## DIRECTIONS FOR THIS TASK
Beneath this line are entries. Copy the range from the line with "Achtung: Zum deinstallieren" to the line with "Omien töidensä suhteen", ends included, exactly; leave pictures out.

(Records from a dataset)
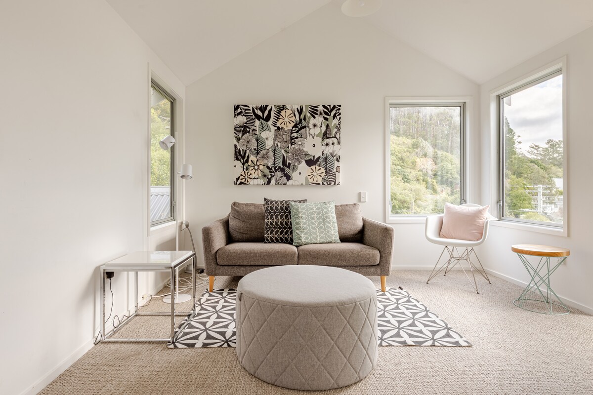 Nichée dans la banlieue attrayante de Vauxhall et à l'entrée de la péninsule d'Otago, vous trouverez une belle retraite privée. En bas d'un chemin en pente et au niveau inférieur de notre maison, vous disposerez de votre propre entrée avec terrasse privée, d'une chambre élégante, d'un salon séparé avec canapé-lit, d'une salle de bain spacieuse et ensoleillée et d'une petite kitchenette avec toutes les commodités de base. Calme et privé avec vue imprenable depuis le salon de la chambre et la salle de bain ! Emplacement idéal pour explorer la magnifique péninsule d'Otago !
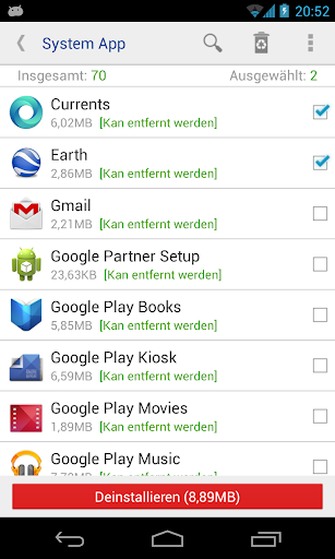 Achtung: Zum deinstallieren von System-Apps braucht man Root, das wir aber nicht mitliefern.
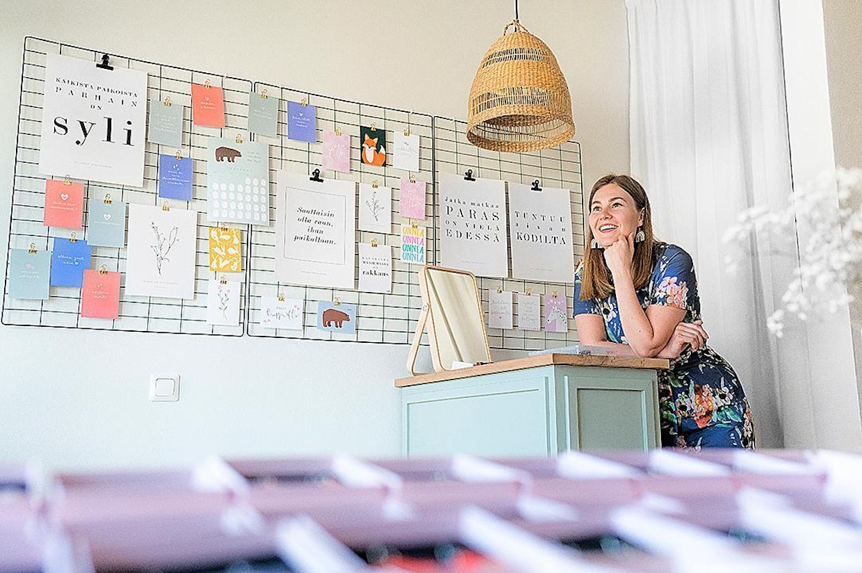 Omien töidensä suhteen Krista Niskanen on tehnyt selkeän rajauksen: kotinsa seinille hän ei omia julisteitaan ripusta, mutta läheisilleen hän postittaa omien mallistojen kortteja. Kuva: MISKA PUUMALAKesällä 2017 Niskanen valmistui sisustuspuolen muotoilijaksi ja palasi Kuopiosta kotiseudulleen Sotkamoon. Hän oli saanut kaupan alan töitä, mutta parin kuukauden kuluttua hyvä onni katkesi.
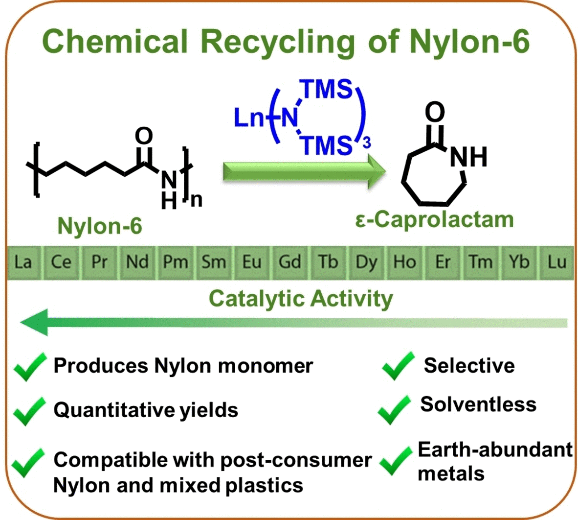 Das Team um Yosi Kratish und Tobin J. Marks von der Northwestern University (Evanston, USA) und dem National Renewable Energy Laboratory (Golden, USA) hat jetzt einen neuen effizienten katalytischen Prozess zum Recycling von Nylon-6 entwickelt. Nylon-6 wird mit mehr als 95% Selektivität und mehr als 90% Ausbeute zu ε-Caprolactam depolymerisiert – ohne Lösungsmittel oder toxische Chemikalien und bei vergleichsweise milden Temperaturen von 240 °C. Beimischungen von Polyethylen, Polypropylen oder Polyethylenterephthalat stören nicht.
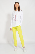 Свитшот свободного кроя, выполнен из трикотажной хлопковой ткани. Рукав втачной со спущенной проймой, низ рукава обработан довязом с нитью из люрекса, как на манжете, так и на горловине. V - образный вырез визуально удлиняет шею. Разрезные детали из контрастной расцветки выгодно создают нужные линии и зрительно вытягивают силуэт.
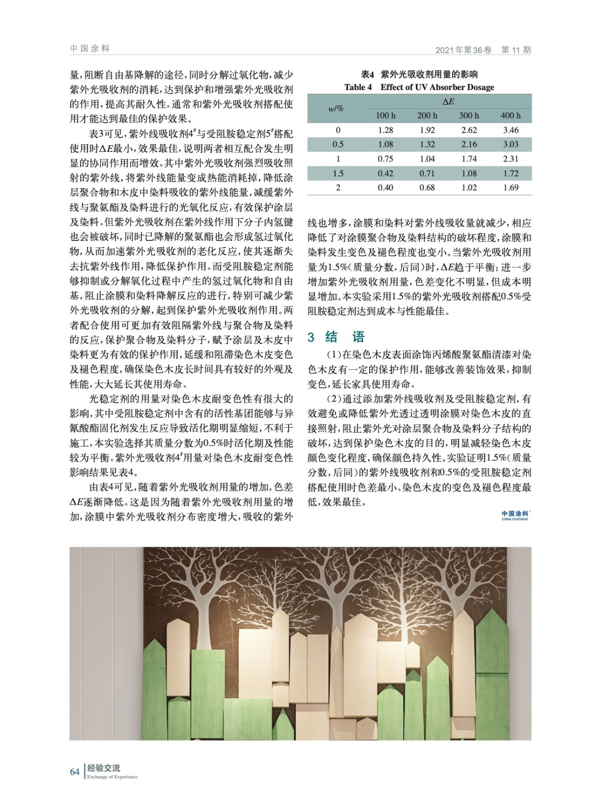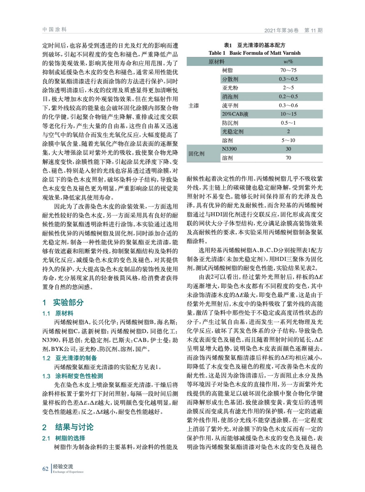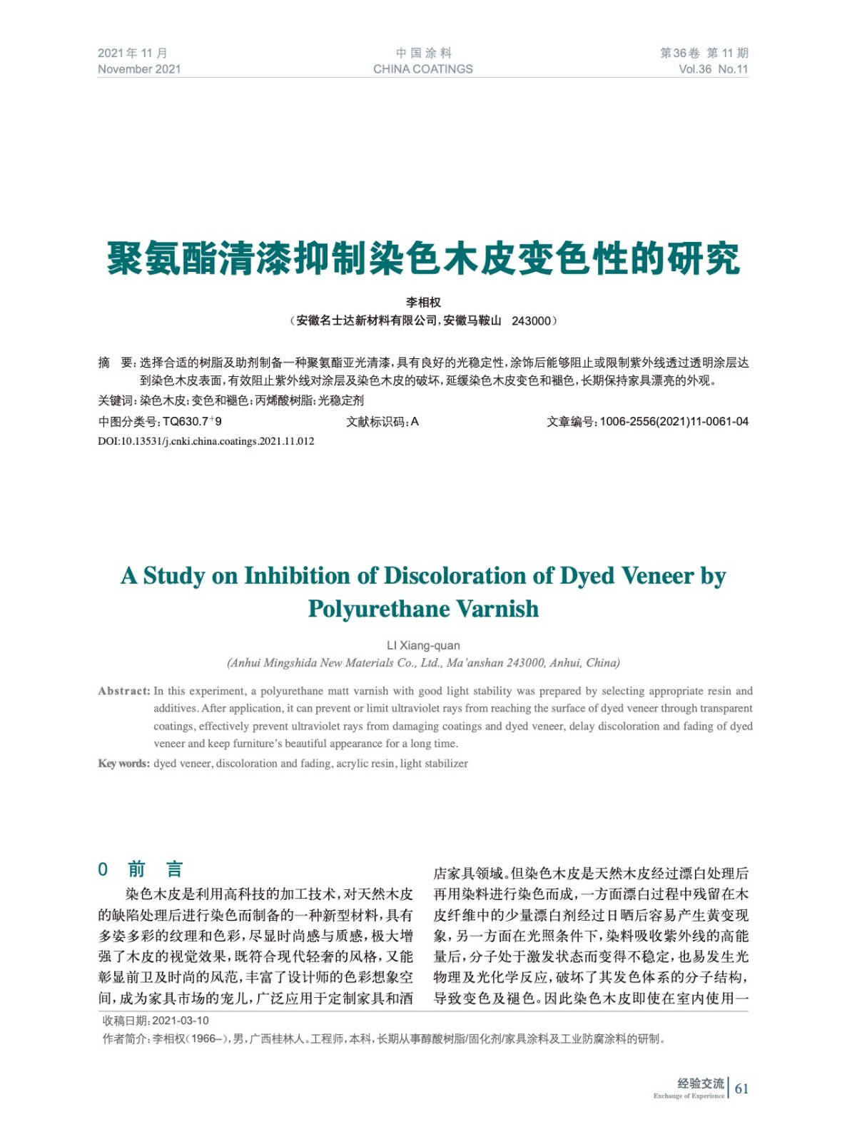 選擇合適的樹脂及助劑制備一種聚氨酯亞光清漆,具有良好的光穩定性,涂飾后能夠阻止或限制紫外線透過透明涂層達到染色木皮表面,有效阻止紫外線對涂層及染色木皮的破壞,延緩染色木皮變色和褪色,長期保持家具漂亮的外觀。

## RESULT
 Achtung: Zum deinstallieren von System-Apps braucht man Root, das wir aber nicht mitliefern.
 Omien töidensä suhteen Krista Niskanen on tehnyt selkeän rajauksen: kotinsa seinille hän ei omia julisteitaan ripusta, mutta läheisilleen hän postittaa omien mallistojen kortteja. Kuva: MISKA PUUMALAKesällä 2017 Niskanen valmistui sisustuspuolen muotoilijaksi ja palasi Kuopiosta kotiseudulleen Sotkamoon. Hän oli saanut kaupan alan töitä, mutta parin kuukauden kuluttua hyvä onni katkesi.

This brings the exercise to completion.